La loi a fait revenir notre clientèle. La librairie a ouvert ses portes en septembre 1975 et la Fnac est arrivée à Toulouse en avril 1980. Nous avons immédiatement perdu 20% de notre activité, c’était très difficile, nous avons connu une forme de dépression, la librairie était jeune, elle n’avait pas encore la consistance qu’elle a aujourd’hui.

Après la promulgation de la loi, nous avons très vite remonté la pente, d’autant que Jérôme Lindon m’avait enjoint, du fait de notre commune appartenance à l’association pour le prix unique, de montrer que la jeune librairie croyait à cette loi. Quand nous avons fait notre premier agrandissement en mars 1982, nous avons triplé notre surface de vente, nous montrions ainsi par l’exemple, en développant notre activité et la diversité de notre offre, notre foi en l’avenir.

Iriez-vous jusqu’à dire que si la loi n’avait pas été votée, nous n’aurions plus aujourd’hui le maillage de librairies que nous connaissons, que le livre serait uniquement vendu par de grandes enseignes ou des plateformes ?

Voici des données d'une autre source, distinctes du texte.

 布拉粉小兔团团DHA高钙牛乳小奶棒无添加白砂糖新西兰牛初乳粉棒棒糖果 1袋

S’agissant du maillage, oui, c’est évident. Aujourd’hui, nous ne sommes pas loin de 40% d’activité réalisée par les librairies dites indépendantes. Ce maillage est quasiment unique au monde. On le doit à l’antériorité de la loi, à la spécificité de la société et de la géographie française, il faut comparer non seulement les économies de secteurs mais aussi les territoires. Il y a des maillages en Italie, mais ils n’ont pas cette consistance, ni cette variété française qui, grâce à l’action du ministère de la Culture et du Centre national du livre permet le maintien. Si cette loi n’avait pas existé, la Fnac serait très probablement majoritaire, les espaces culturels Leclerc seraient encore plus forts qu’ils ne sont, et il y aurait eu des propositions du type Cultura ou des regroupements avec des formes de réseau capitalisé. Pourtant, ce paysage serait presque marginal dans un marché où le nouvel arrivant Amazon finirait pas être très largement en position dominante. Il n’y a qu’à voir aux États-Unis et en Grande-Bretagne, le réseau commence à peine à renaître, peut-être d’ailleurs pour des raisons liées au besoin de commerce de proximité, donc de besoins sociaux.

À l’autre extrémité, c’est sur l’offre elle-même de livres que la loi rejaillit ?

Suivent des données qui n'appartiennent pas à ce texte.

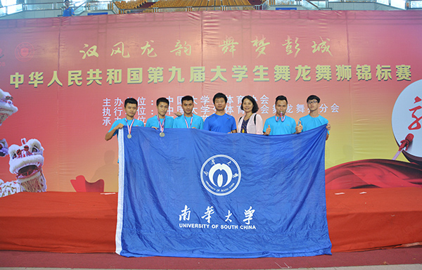 我校龙狮队 派出了来自土木工程学院、机械工程学院、设计与艺术学院的黄昌安、李可龙、吴聪慧、王波、向洪兵等五位同学参加了北狮项目的角逐。队员们在教练李程秀老师的带领下,通过暑假的集中强化训练,克服了伤痛,稳定发挥,夺得了普通大学生组北狮亚军,展现了南华学子的精神风貌。
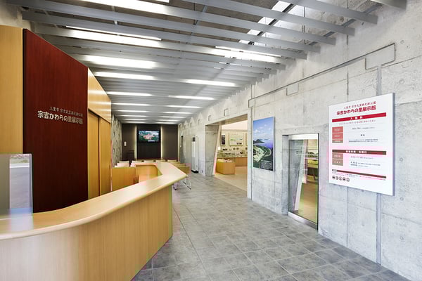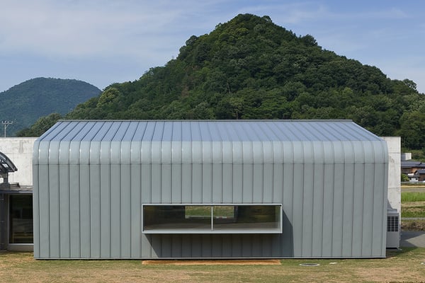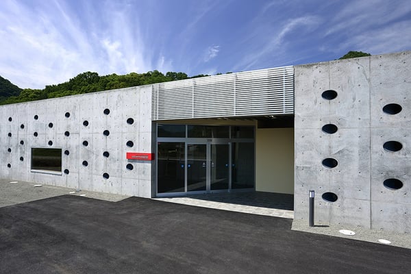 飛鳥時代の瓦窯遺跡の展示施設。登り窯の空気抜き穴をモチーフとし、建物正面のコンクリート壁面に斜めに穿った丸い開口部が特徴となっている。建物にアプローチするにつれ、丸い開口部が徐々に形状を変え、窯に見立てた細長いエントランス空間の表情に奥行を与える計画となっている。
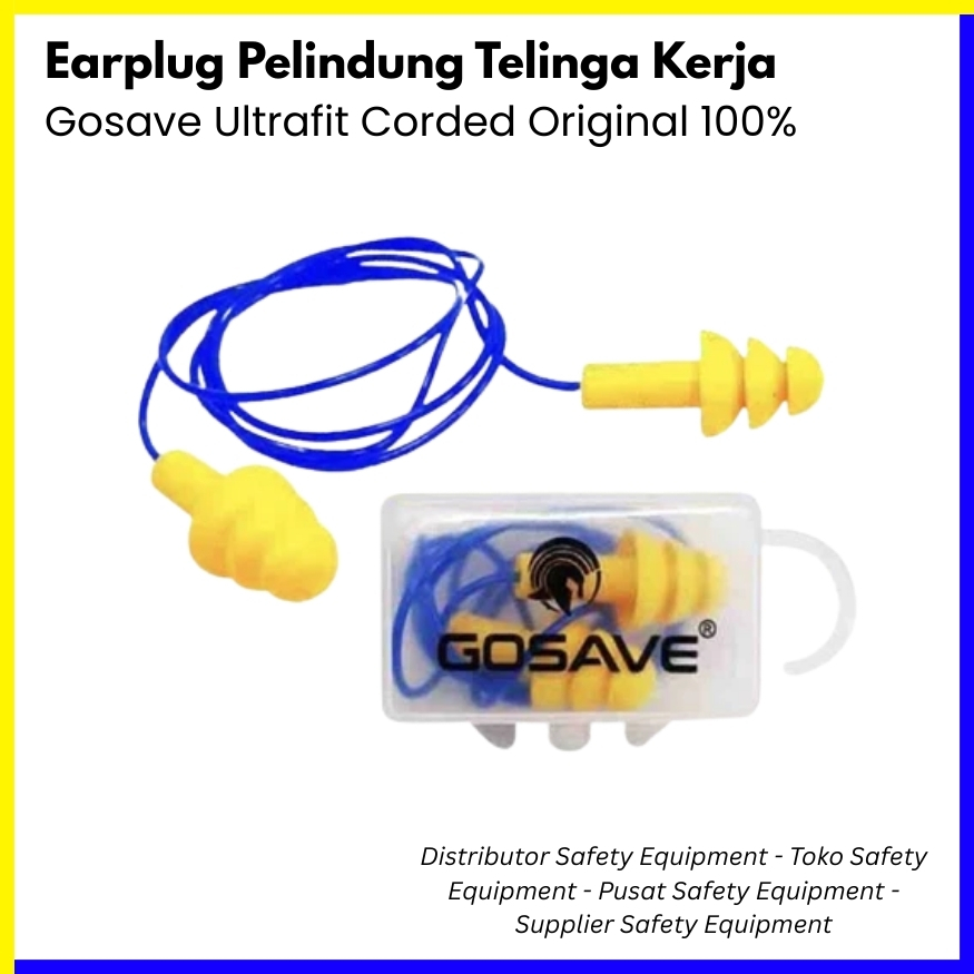 Earplug gosave ultrafit corded penutup telinga (earplug) yang dibuat untuk mengurangi intensitas suara bising yang masuk ke telinga.

Bien entendu, c’était l’objet même de cette insistance politique de Jérôme Lindon qui était de dire, encore une fois, qu’il n’y a pas de diversité de la production sans diversité de la diffusion, autrement dit pas de livres sans libraires. La Fnac voulue par André Essel avait une hostilité à l’égard de toute forme de censure, mais ensuite, elle a été vendue. Les effets du capitalisme sont toujours inconnus, tout monopole, même mesuré, est dangereux. Ce danger nous l’aurions connu, mais heureusement, nous n’avons plus à nous poser la question depuis 40 ans.